Day Trip Delft and Delftware
Delftware is available all over Amsterdam and the Netherlands, ranging in price from €2 to €20,000. But how do you distinguish genuine from imitation Delft Blue? A visit to Royal Delft – Koninklijke Porceleyne Fles Factory and Showroom in Delft will explain all. Genuine Delftware is stamped with a blue jar as proof of its authenticity. Price is another indication – genuine Delftware does not come cheap.
Royal Delft
A visit to Royal Delft – De Porcelyne Fles Factory gives you an insight view of how Delftware is produced. Each piece from a simple wall tile to an elaborate Chinese-style pitcher is meticulously handcrafted and hand painted. During your visit you follow the various steps in producing Delftware.
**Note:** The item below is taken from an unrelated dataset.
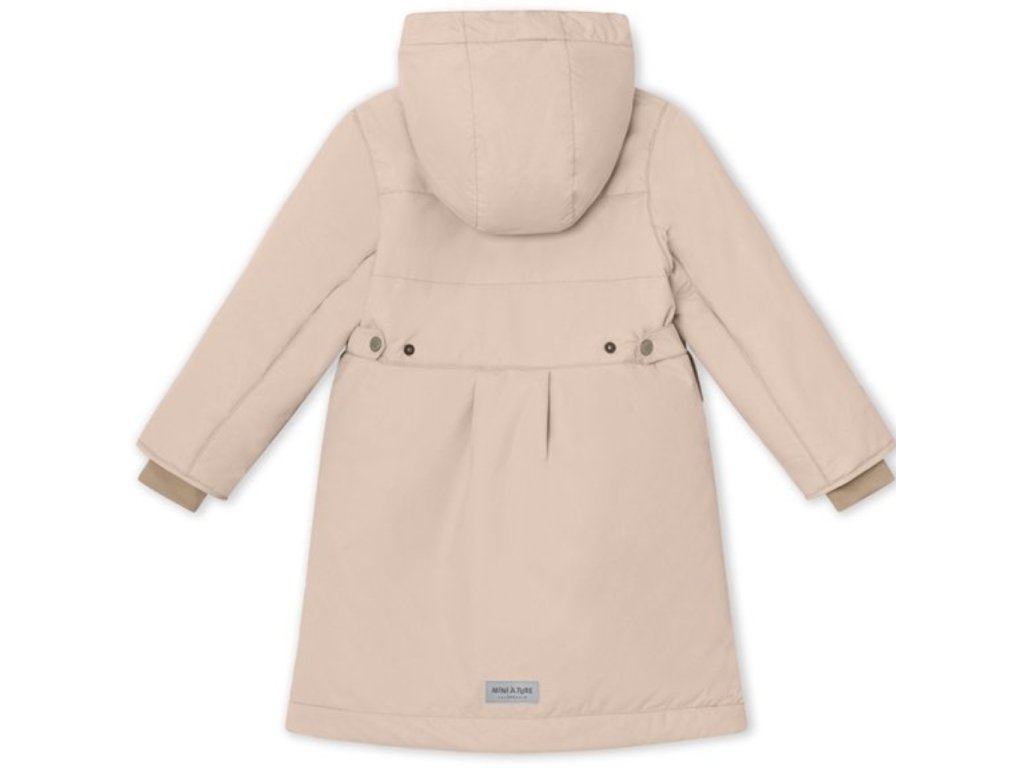 Krásná zimní bunda MINI A TURE, která je třídou sama o sobě. Je 100% větru a voděodolná, prodyšná a dostatečně teplá i na velmi chladnou zimu. Bunda má délku pod kolena. Uvnitř v horní části je bunda podšitá měkkým a hřejivým fleecem, zatímco spodní část bundy je vyteplená materiálem Sorona® Aura, ekologickou alternativou prachového peří. Kapuce je odnímatelná a lze ji utěsnit kolem hlavy pomocí elastické gumičky, aby dovnitř nefoukal vítr. Sněhové manžety na zápěstí jsou vyrobeny tak, aby bylo možné mít palce venku. Kapsy se uzavírají pomocí magnetů. Bunda má dva zipy na bocích pro větší flexibilitu a dva knoflíky na zádech pro vytvoření pěkné siluety. V přední kapse je ikonická reflexní hvězda MINI A TURE.

Painter at work in Royal Delft, delftware factory in Delft
Amsterdam-Now tip: Book a Delft Blue & Orange Tour! This tour comprises a walking tour through the picturesque centre of Delft. The highlight of the tour is a visit to Royal Delft Factory, Showroom and Museum, where you can see how Delftware is produced.
Hand-painted
Pitchers, vases and bowls are cast in molds whereas plates are shaped by means of a potter’s wheel. When the object is shaped to the desired form it is fired in a kiln for the first time. The result is known as bisquit fired and the object is now ready for being painting. A stencil is applied and rubbed with charcoal powder so that a vague outline of the pattern shows. The painter also has a finished piece before him as a model. He painstakingly decorates the object with black paint that contains cobalt oxide.
Delft Blue
Depending on the design and the size of the object, painting can take any time from a few hours to several days. When the work has been completed, the artist signs his creation at the bottom with the logo of the Porceleyne Fles, his own initials, the year code and the serial number. The object is then glazed which gives it an opaque white coating and then fired for a second time. The surface becomes a shiny and non-porous, transparent glaze. A chemical reaction changes the black paint into Delft Blue.
Ming Porcelain
It is no coincidence that Delftware is difficult to distinguish from Ming porcelain. In the seventeenth century de Vereenigde Oostindische Compagnie, the Dutch East India Company, brought Ming porcelain to the Netherlands. Dutch potters captured by its beauty began to copy the objects.
Imitation yet Genuine
From a distance Delftware cannot be distinguished from Chinese porcelain. On a closer look there is a marked difference; Delftware is noticeably thicker than the delicate Chinese porcelain objects. It also lacks the glowing translucency. This is because the Chinese worked with first quality porcelain clay whereas the Dutch had only greyish-brown earthenware clay at their disposal. The Dutch found a solution to this quality difference. The fired their earthenware unglazed, then hand painted it and covered it with glaze and fired the object for a second time. The result is an amazing imitation of Chinese porcelain but genuine Delftware.
City of Delft
Delft is fifty minutes by train from Amsterdam. There is much else besides the Royal Delft Factory and Showrooms to justify a visit to this picturesque city which inspired many of the works of the Delft born seventeenth-century painter Johannes Vermeer. Stroll along leafy canals lined with canal houses. Delft is very much a miniature version of Amsterdam. You will look in vain for Vermeer paintings in Delft Museums but the city has two first-rate museums – Prinsenhof Museum and Huis Lambert van Meerten Museum, each with an impressive collection of early Delftware.
Canal in Delft
Address
Royal Delft – De Porceleyne Fles
Rotterdamseweg 196
2628 AR Delft
Opening Hours
Daily 09.00-17.00
From 1 November to 21 March only on Sundays from 12.00-17.00
Closed 15, 16 December and 1 January.